--- DATASET RECORDS Enclosed Below ---
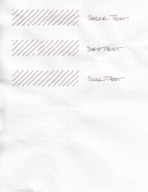 The smear test, in which I run a wet finger over the paper, reveals that the ink can be smudged with a bit of effort. If you look close, you can see a fine light-grey tint to the paper where I dragged it across the lines. On the other hand, the drip test, in which I let droplets of water settle on the page before blotting them up, and the soak test, in which I run the paper under the faucet for a minute, show that the ink hasn’t moved one bit. It doesn’t look like it got water near it at all – a major difference from most dye-based inks.
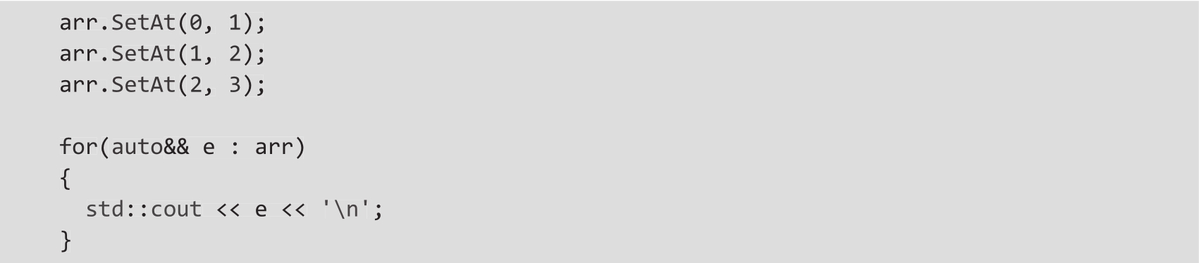 为了演示如何对用户自定义序列使用基于range的for循环,我们将使用如下简单数组的实现:
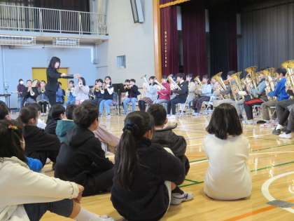 1曲目は「聖者の行進」です。迫力のある素敵な演奏に、子どもたちは惹きつけられていました。
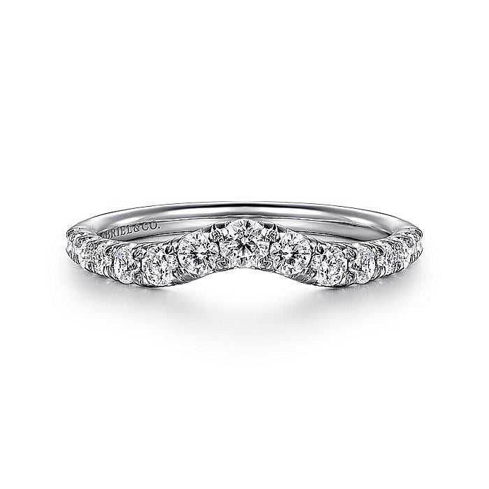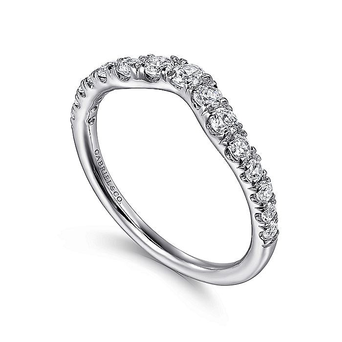 HOME / Gabriel & Co. AN10969W44JJ Curved 14K White Gold French Pavé Diamond Wedding Band
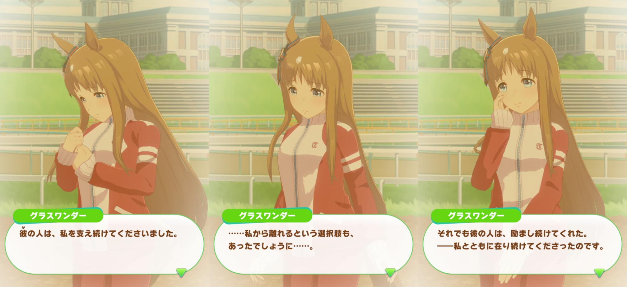 | … | 3326/04/20(月)12:52:32No.1422146334そうだねx8>>別のネームドウマ娘に担当トレーナーついてること明言されたの割と珍しいな |
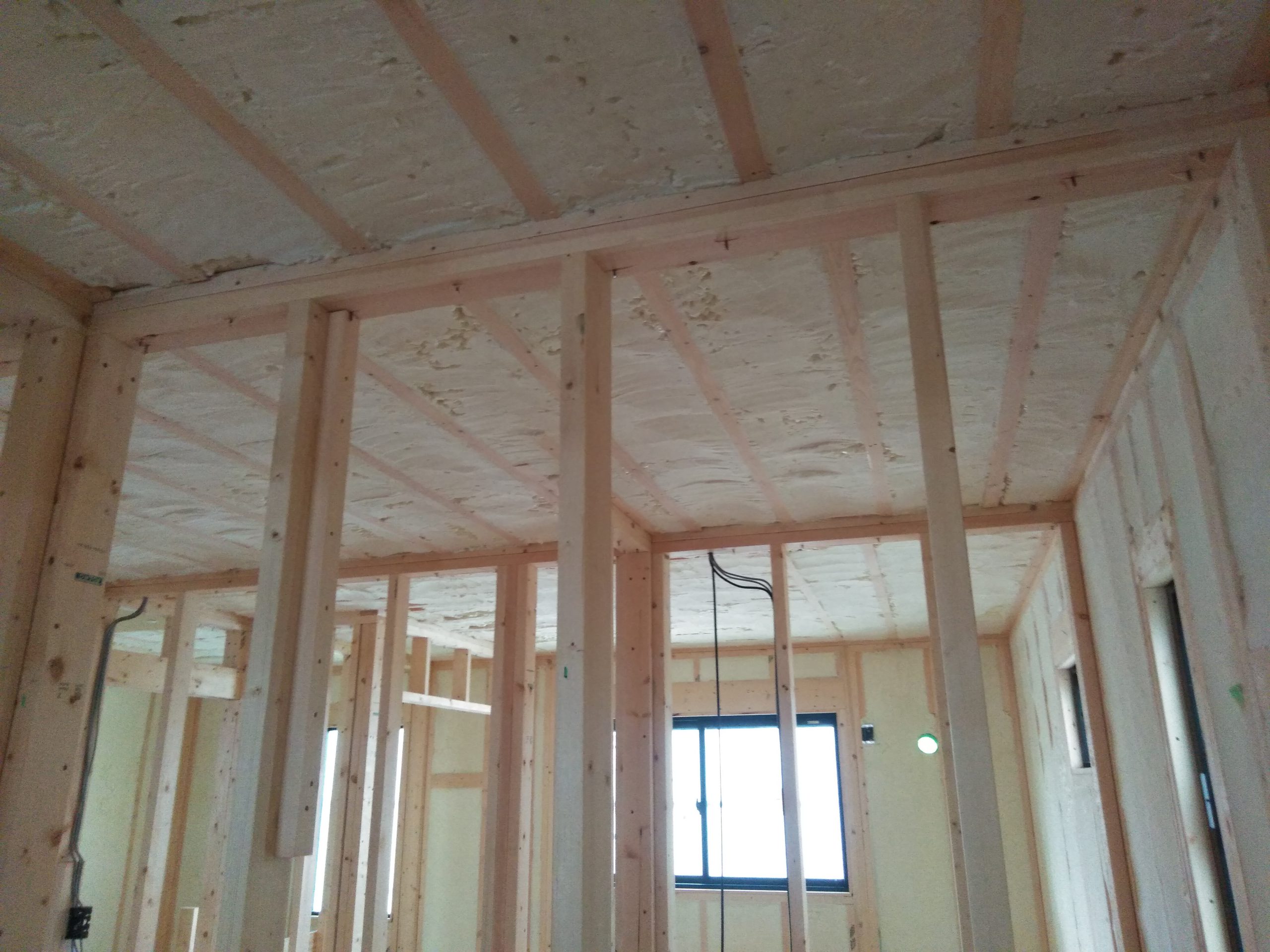室内の工事も断熱材を吹き付けるところまで進んでいます!
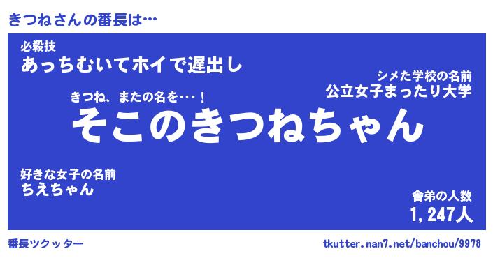 | ポケモン風あだ名 | 『キツチュウ』『キツネダネ』 |
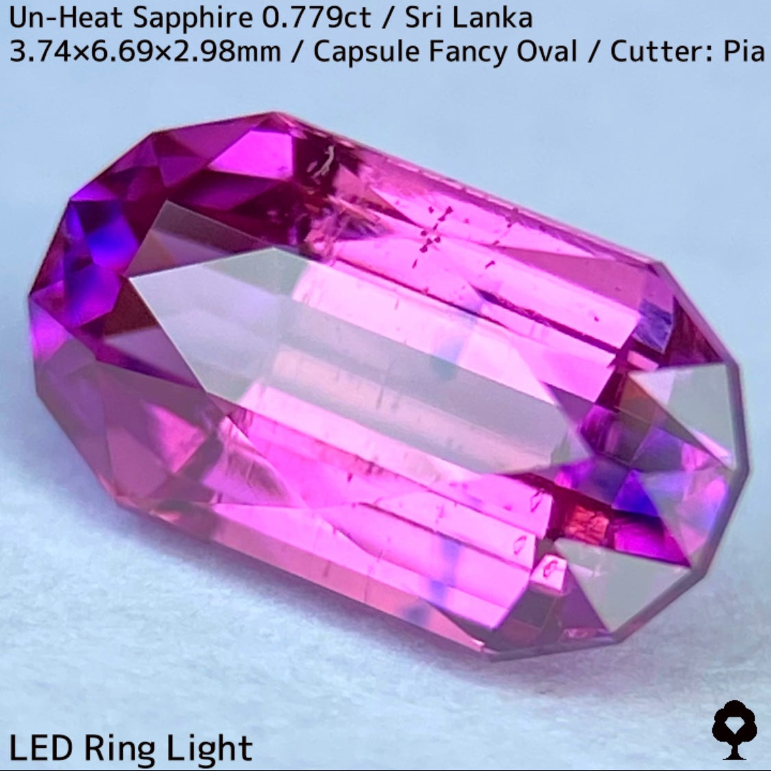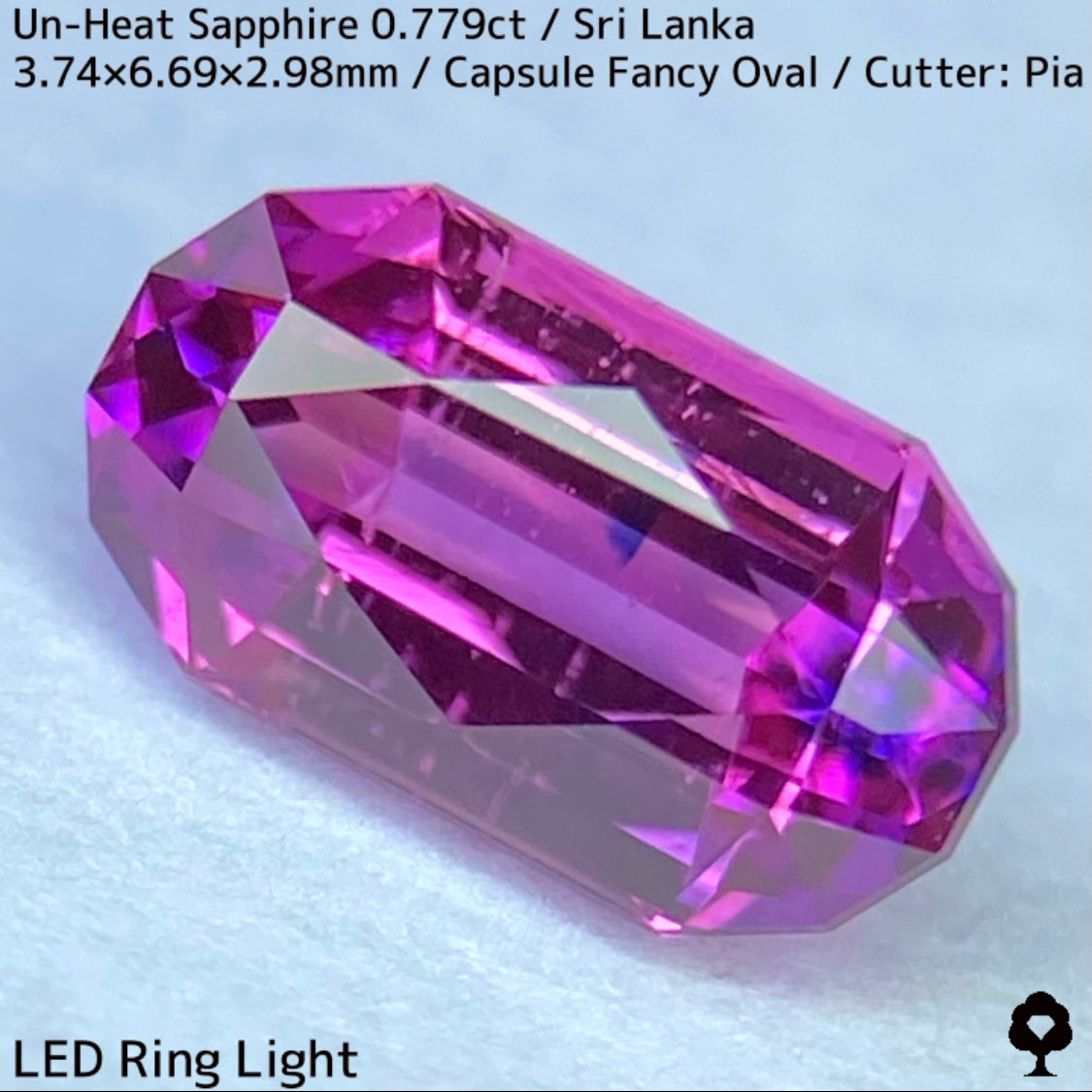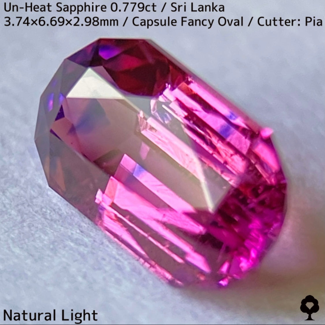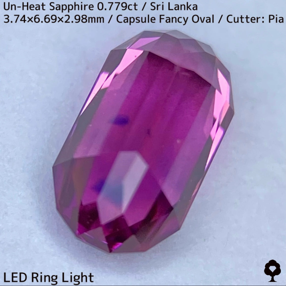 スリランカ産らしい色合いの美しいピンキッシュオレンジーパープルの非加熱サファイアで、2箇所にあるブルーの色だまりがカプセル形のカットの両端に溜まった鮮やかな色にブルーを加えて美しいパープルの煌めきを放ちます。
--- End of Enclosed DATASET RECORDS ---
§ PROBLEM:
Your task is to copy exactly the lines from the line containing "室内の工事も断熱材を吹き付けるところまで進んでいます!" through the final line of the listing above and to omit every picture.

§ WRITTEN REPLY:
室内の工事も断熱材を吹き付けるところまで進んでいます!
 | ポケモン風あだ名 | 『キツチュウ』『キツネダネ』 |
 スリランカ産らしい色合いの美しいピンキッシュオレンジーパープルの非加熱サファイアで、2箇所にあるブルーの色だまりがカプセル形のカットの両端に溜まった鮮やかな色にブルーを加えて美しいパープルの煌めきを放ちます。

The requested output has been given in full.